Anak Kencing

Zangi al'Fayoum
Chapter #17

Setengah Tahun Lalu, Juni 2023

Ketika aku bangun, kusadari aku sudah tak bisa menulis lagi.

Bagaimana caraku untuk menjelaskan sensasi ini pada kalian? Aku harap ada analogi dan padanan tentang hal ini dalam kehidupan sehari-sehari, tapi tidak. Sulit untuk memahami seorang penulis yang kehilangan kemampuan untuk menulisnya. Maksudku, memang apa susahnya? Kau cuma perlu duduk, cuma perlu menggerakkan jari, dan kau pun menulis. Andai memang segalanya sesederhana itu. Kau mesti menjadi seorang penulis dulu untuk memahaminya, untuk bergelut dengan bahasa tiap waktunya—dengan diksi, dengan makna, dengan segala sesuatu yang normalnya dibiarkan mengalir begitu saja.

Ini bukan fenomena akut. Aku tidak mendadak begitu saja tak bisa menulis lagi. Ini kronis, sesuatu yang menjangkit lama dan secara perlahan. Awalnya cuma sekadar kehabisan kata-kata, seringnya diriku terhenti di tengah-tengah kalimat; lalu hilangnya visi; lambat-laun produktivitasku menurun; hingga akhirnya terhenti sama sekali. Kutengok sumur yang bernama inspirasi itu, dan kudapati dasarnya sudah kering sama sekali, tidak ada apa-apa, tidak bahkan lumpur sekali pun, hanya gas beracun.

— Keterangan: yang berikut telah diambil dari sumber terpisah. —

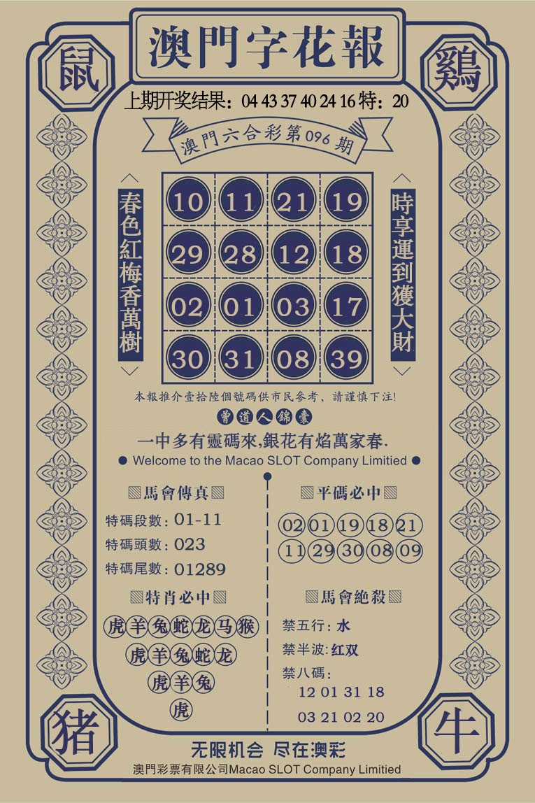 096期澳门字花报[图]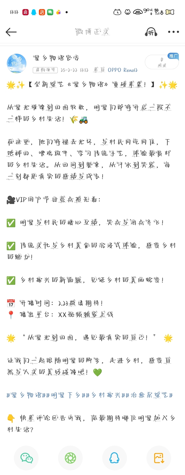 👇 快来评论区告诉我们,你最期待哪位明星加入这段特别的乡村之旅呢?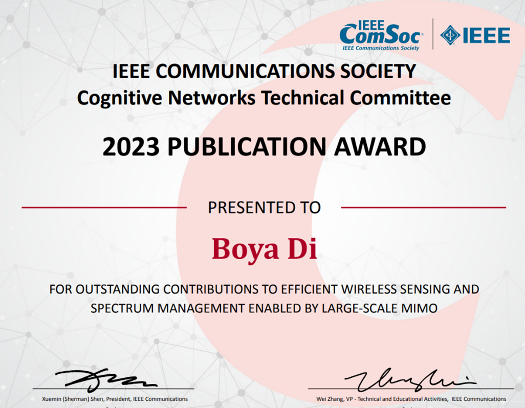 邸博雅助理教授与美国休斯顿大学Zhu Han教授共同获得2023年IEEE通信学会认知网络技术委员会论文贡献奖(IEEE Comsoc TCCN Publication Award),旨在表彰其在超大规模MIMO传输与频谱管理研究领域所做的杰出贡献。
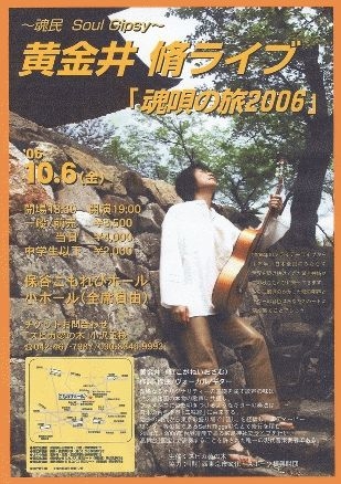 僭越ながら、お知らせさせていただきます。 管理人様、不都合がございましたら削除ねがいます。 どうぞよろしくお願いします。 一般前売 \3,500 一般当日 \4,000 中学生以下 \2,000 全席自由 8月11日(金)チケット発売開始!! 保谷こもれびホール http://www.nishitokyo.or.jp/komorebi/access/index.html 2005年のフライデーライブから1年半、 日本全国のみならず世界を駆け抜けてきた黄金井脩が この秋こもれびに帰ってきます。 さらに磨きのかかった魂の唄声とギターの音色は あなたのハートに深く響くことでしょう。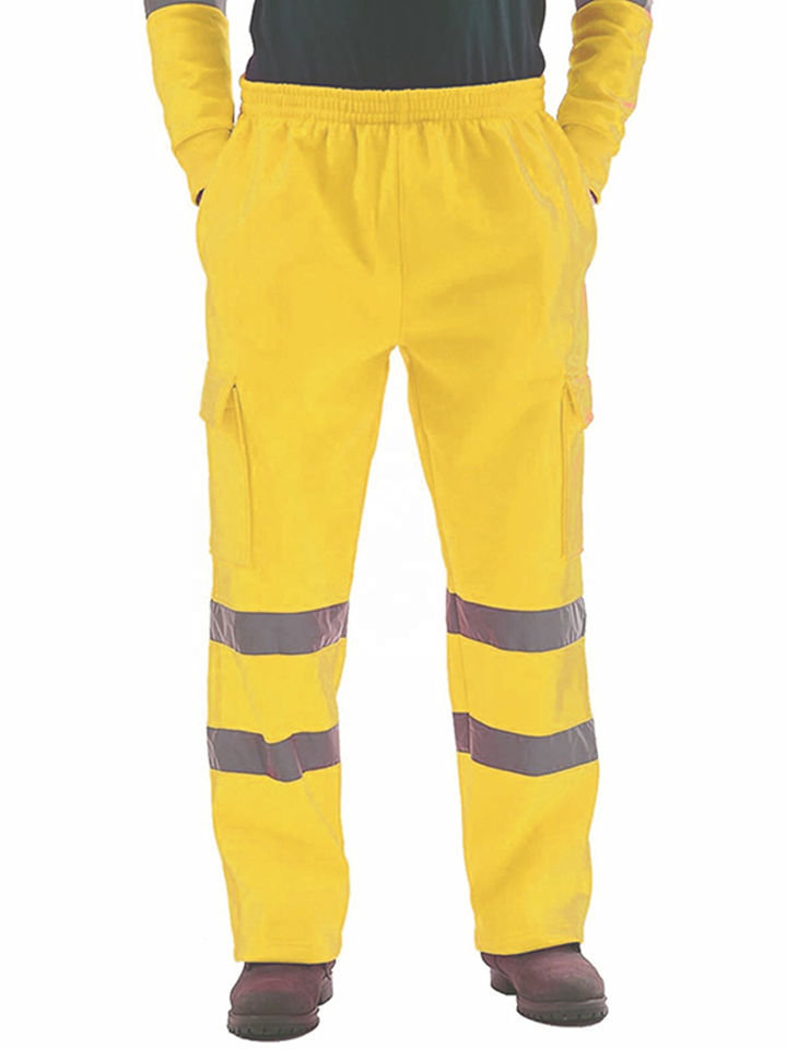 กางเกงเอวยางยืดสำหรับผู้ชายกางเกงเซฟตี้สะท้อนแสงมองเห็นได้ชัดเจนกางเกงใส่ทำงานกลางแจ้ง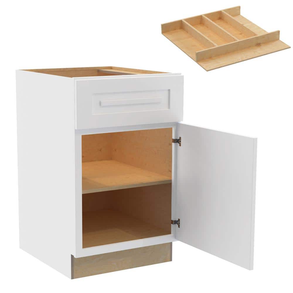 The Grayson cabinet by Home Decorators Collection combines durable all-plywood construction with a sophisticated Pacific White finish. Featuring soft-close doors and drawers, full-depth shelves, and roll-out trays, it offers both style and functionality for your kitchen.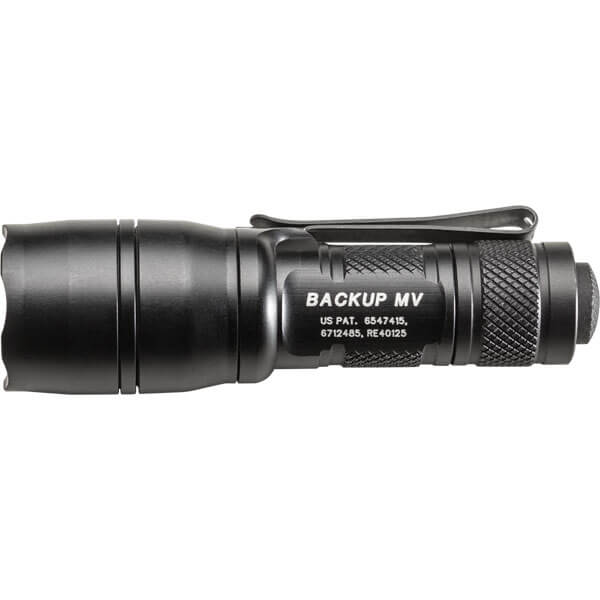 | The sleek, ultra-compact E1B-MV was originally developed as backup lights for law enforcement pros. This outstanding everyday-carry light sets itself apart from the rest of the Backup family with its broad, useful MaxVision Beam™, created by a special faceted reflector that shapes the LED’s light into a smooth, seamless wall of light that’s perfect for closer-range applications and maintaining situational awareness. The E1B-MV uses a single 123A disposable battery to power this field-of-vision-optimized beam at two useful outputs—400 and 5 lumens—and is programmed to lead with high output as a tactical/self-defense light should. Everything else about the E1B-MV is pure Backup, including its hard-anodized aluminum body, smooth styling, tailcap pushbutton switching, lockout tailcap, and two-way pocket clip that allows for bezel-up or -down carry. |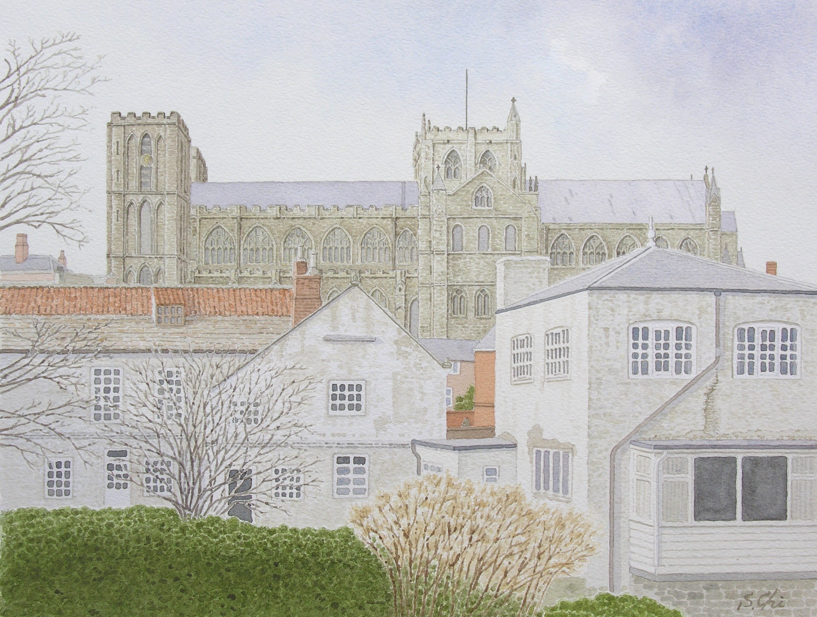 この水彩画は、大聖堂を南側から眺めたところを描いたものである。

Bagaimana bila begini? Seseorang pernah bilang padaku bahwa dorongan menulis muncul dari sumber yang sama dengan yang membuat kita bicara pada orang-orang yang kita suka: keinginan untuk menyampaikan sesuatu pada mereka yang kita cinta. Aku tak bisa lagi bicara sebab aku sudah menyampaikan segala yang ingin kusampaikan. Dan kini aku benci segala yang berjalan dan bernapas di dunia.

Pada pagi yang nista itu, aku kehilangan arah hidup yang selama ini menuntunku. Aku tak menangis, aku tak menjerit, aku tak merasakan apa-apa. Semuanya terjadi secara perlahan … namun juga membingungkan. Aku seperti orang buta warna yang mendadak sembuh … atau mungkin pembunuh berdarah dingin yang mendadak memiliki hati.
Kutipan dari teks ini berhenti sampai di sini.